DATA PROVIDED -
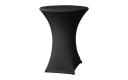 Deze zwarte hoes geeft uw statafel een chique uitstraling. Het materiaal van de statafelhoes bestaat uit 90% polyester en 10% elastan, wat ervoor zorgt dat de stof rekbaar is. De hoes is geschikt voor tafels tot 115cm hoog, met een tafelblad van maximaal 85cm in diameter. Het elastan voorkomt dat de stof kreukt en maakt strijken overbodig.De hoezen zijn uitgerust met pvc-voetjes, deze pvc-voetjes worden aangebracht met elastische garen voor optimale versteviging.
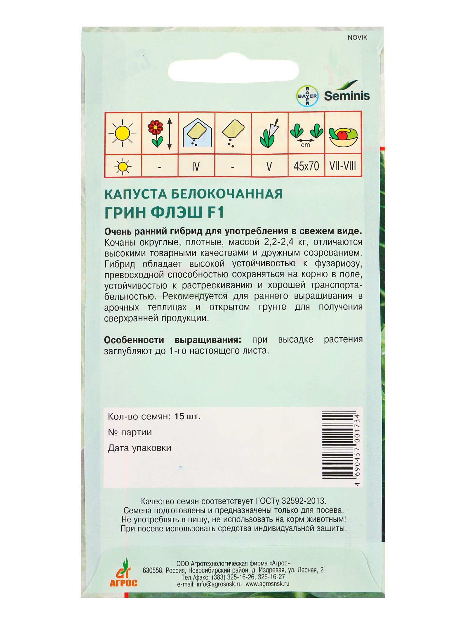 Семена Капуста "Грин флэш" F1 15 шт, Агросс, Россия
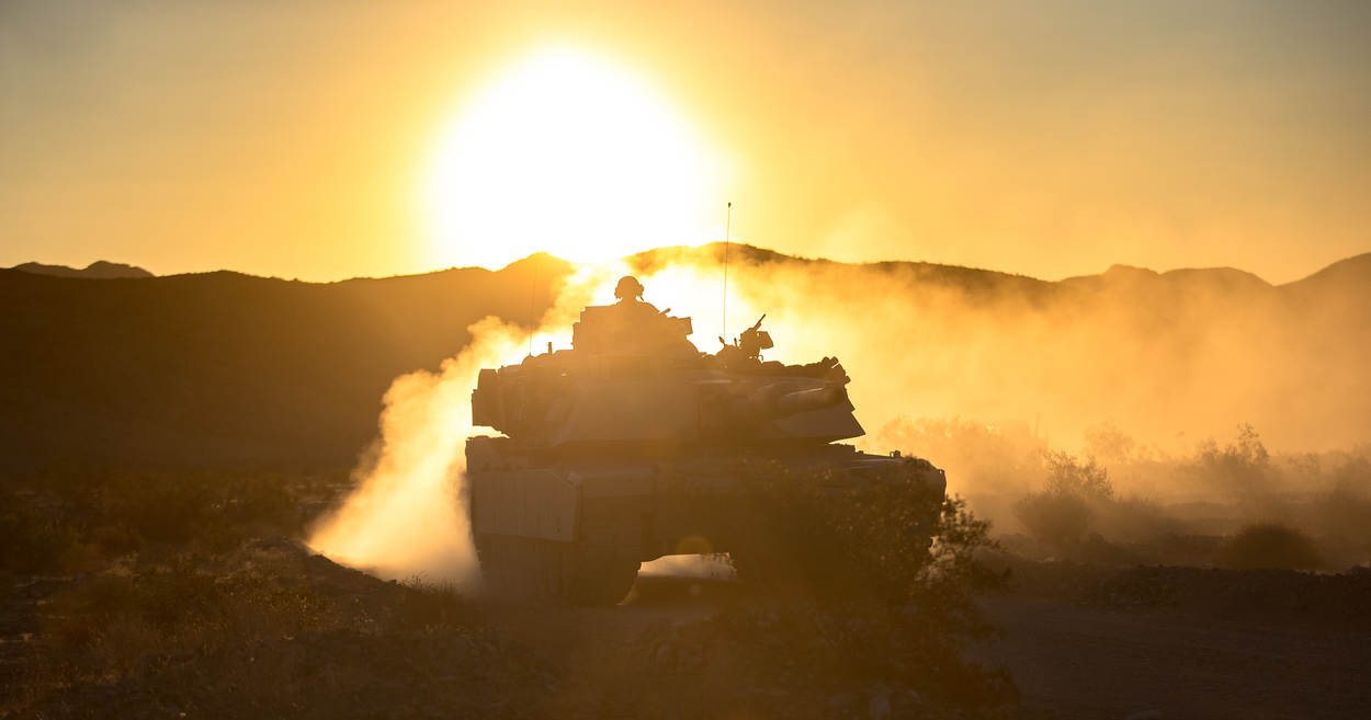 Tijdens de schietoefeningen en manoeuvres tegen een onzichtbare tegenstander zijn onder meer een tankpeloton met zware Abrams tanks en een antitankpeloton actief. “Eenheden die we zelf niet in de bewapening hebben, maar die we in voorkomend geval wel kunnen tegenkomen op het slagveld”, aldus de oefenleider.
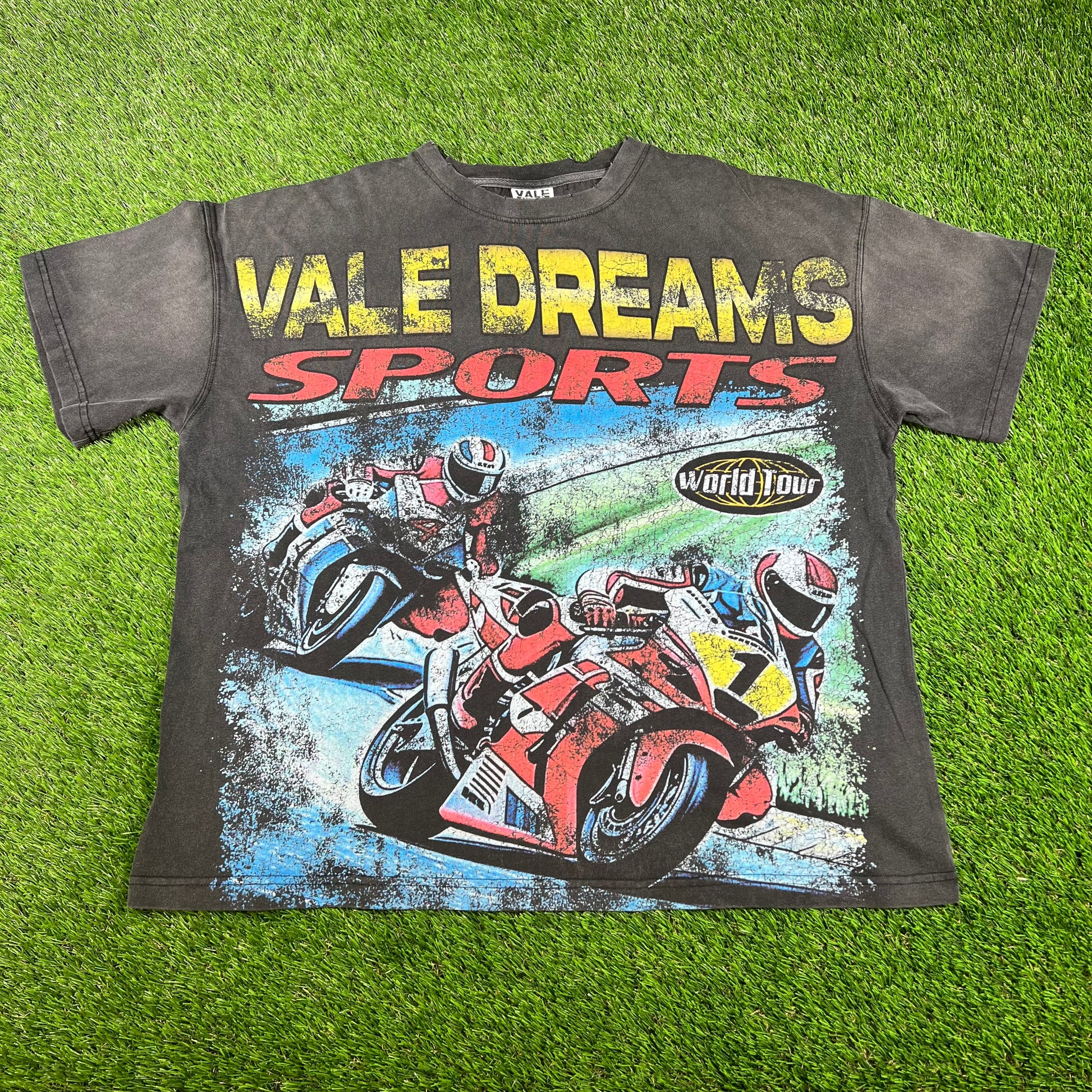Vale Dreams Sport Moto Washed Black Tee Size Large NEW x14460
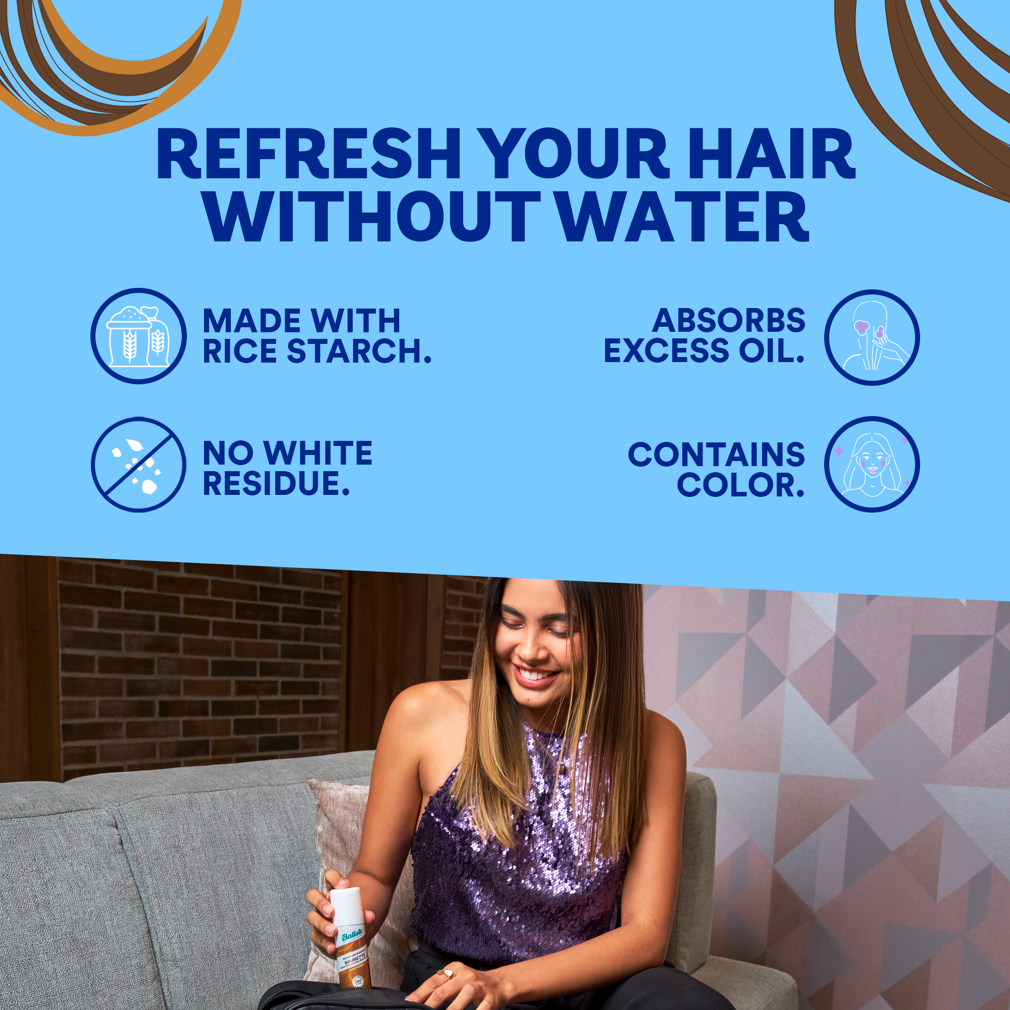 Instantly refreshes hair without residue.
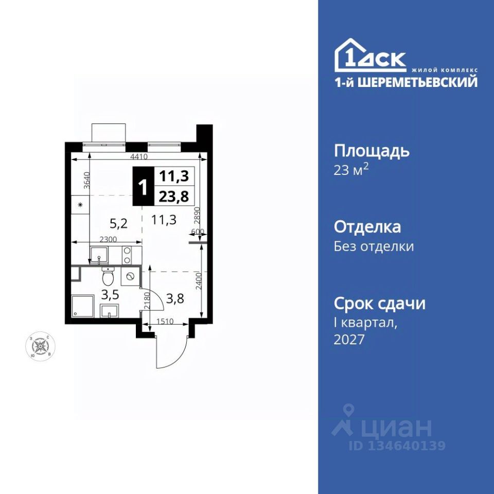 Продаётся квартира-студия номер 1353 общей площадью 23.8 кв.м. на 16-м этаже 17 этажного дома. Без отделки.
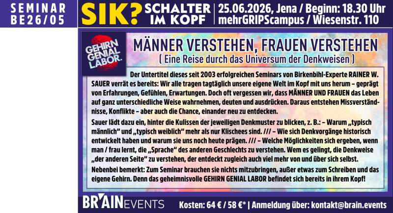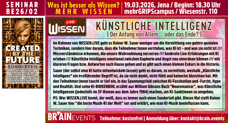 Weitere in Planung und / oder Vorbereitung befindliche Brain.Events findet man AUF DIESER SEITE! . Dort finden sich auch einige Infos zu vergangenen Veranstaltungen! /// Hinweis: Die hier benannten Veranstaltungsorte sind nur insoweit relevant, als dass die vorgesehenen Teilnehmerzahlen erreicht werden. Liegen sie tatsächlich darunter oder darüber, kann durch BRAIN.EVENTS ggf. ein Wechsel der Location am gleichen Standort erfolgen. Veranstaltungsflyer mit Anmeldeformular können Sie auch auf der Webseite www.brain.events herunterladen!
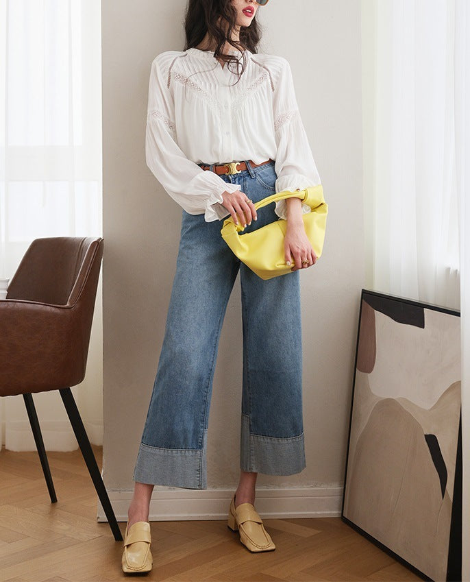 Patchwork French Design Style White Shirt

HOW TO COMPLETE THIS TASK - Using the listing above, copy every line from the line containing "Продаётся квартира-студия номер" through the last one, both included, and no other lines. Pictures stay out.

EXPECTED ANSWER -
 Продаётся квартира-студия номер 1353 общей площадью 23.8 кв.м. на 16-м этаже 17 этажного дома. Без отделки.
 Weitere in Planung und / oder Vorbereitung befindliche Brain.Events findet man AUF DIESER SEITE! . Dort finden sich auch einige Infos zu vergangenen Veranstaltungen! /// Hinweis: Die hier benannten Veranstaltungsorte sind nur insoweit relevant, als dass die vorgesehenen Teilnehmerzahlen erreicht werden. Liegen sie tatsächlich darunter oder darüber, kann durch BRAIN.EVENTS ggf. ein Wechsel der Location am gleichen Standort erfolgen. Veranstaltungsflyer mit Anmeldeformular können Sie auch auf der Webseite www.brain.events herunterladen!
 Patchwork French Design Style White Shirt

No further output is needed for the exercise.